Unfortunately, we see some limitations:

  • look at the nginx process name: it’s nginx: master p
    • netstat has a fixed-length 20 character buffer for process names. Thanks, 90s!
    • also, since the output is so short, you don’t get full paths.
      • any process by any user in any directory could call itself “sshd” and you wouldn’t notice the difference based on the extremely truncated output netstat provides.
  • the output is wide. really wide. not very terminal friendly.
  • the output doesn’t appear to be ordered by anything useful? Not by pid, not by IP, not by port.
  • oh, and root.
    • netstat must be run as root to generate the IP:Port to pid/name mappings. That’s not cool.

Plus, the output has six columns we don’t care about!

My first attempt at making the output more useful was: netstat --numeric-hosts --listening --program --tcp --inet --inet6 |awk '{if (NR > 2) {printf "%-4s %-20s served by %-20s\n", $1, $4, $7} }' | sort -k 5,5 -n:

A little better! We are now sorted by pid and the bad columns are gone, but the process names are still truncated and netstat must still be run as root to generate them at all.

Still not good enough for our needs though.

It’s [Almost] Code Time

Replacing netstat -p requires figuring out how netstat matches IP:Ports to pids and why it requires root to show the mapping.

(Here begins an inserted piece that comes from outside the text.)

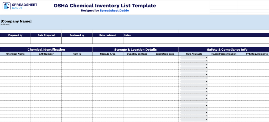 Our OSHA Chemical Inventory List Template helps you track and manage all chemicals in your workplace, ensuring compliance with OSHA regulations and keeping your team safe.

A quick look through the code tells us:

  • netstat reads the pid mappings from /proc/[pid]/fd/*, but each of those directories requires root permission to enter (unless you own the pid yourself).
    • why? it’s a security issue to let anybody directly access the open FDs/inodes of any random process
    • but why must those directories be consulted?
      • Linux only exposes which pids are using which inodes as a /proc/ symlink in those directories. There’s no other way to discover the mappings.
      • Those symlinks look like this ls -latrh /proc/*/fd/*
l-wx------ 1 root root 64 Jul 11 18:33 /proc/1/fd/3 -> /dev/kmsg
lrwx------ 1 root root 64 Jul 11 18:33 /proc/1/fd/2 -> /dev/null
lrwx------ 1 root root 64 Jul 11 18:33 /proc/1/fd/1 -> /dev/null
lrwx------ 1 root root 64 Jul 11 18:33 /proc/1/fd/0 -> /dev/null
lr-x------ 1 root root 64 Jul 11 18:33 /proc/1/fd/18 -> /run/utmp
lrwx------ 1 root root 64 Jul 11 18:33 /proc/1/fd/39 -> socket:[14648]
lrwx------ 1 root root 64 Jul 11 18:33 /proc/1/fd/38 -> socket:[878100]
lrwx------ 1 root root 64 Jul 11 18:33 /proc/1/fd/37 -> anon_inode:bpf-prog
lrwx------ 1 root root 64 Jul 11 18:33 /proc/1/fd/32 -> anon_inode:bpf-prog
lrwx------ 1 root root 64 Jul 11 18:33 /proc/1/fd/31 -> anon_inode:bpf-prog
lrwx------ 1 root root 64 Jul 11 18:33 /proc/1/fd/30 -> anon_inode:bpf-map
lrwx------ 1 root root 64 Jul 11 18:33 /proc/408/fd/9 -> /dev/kmsg
lrwx------ 1 root root 64 Jul 11 18:33 /proc/408/fd/8 -> anon_inode:[eventpoll]
l-wx------ 1 root root 64 Jul 11 18:33 /proc/408/fd/7 -> /dev/kmsg
lrwx------ 1 root root 64 Jul 11 18:33 /proc/408/fd/6 -> socket:[14675]
lrwx------ 1 root root 64 Jul 11 18:33 /proc/408/fd/5 -> socket:[14681]
lrwx------ 1 root root 64 Jul 11 18:33 /proc/408/fd/4 -> socket:[14679]
lrwx------ 1 root root 64 Jul 11 18:33 /proc/408/fd/36 -> /var/log/journal/aa7c9b37491043cca93eed3d1d242ed6/user-1000.journal

Each of those is a symlink where the link name itself tells you the actual inode used by the process.

What use is an inode?

Well, the inodes of each listening IP:Port socket are freely available to any user in /proc/net/{tcp,udp}{,6}. Here’s a sample of /proc/net/tcp:

Don’t you like how they stopped naming columns towards the end? What are those extra 7 fields? Don’t you worry your pretty little head about it. Just let those fields be fields and you be you.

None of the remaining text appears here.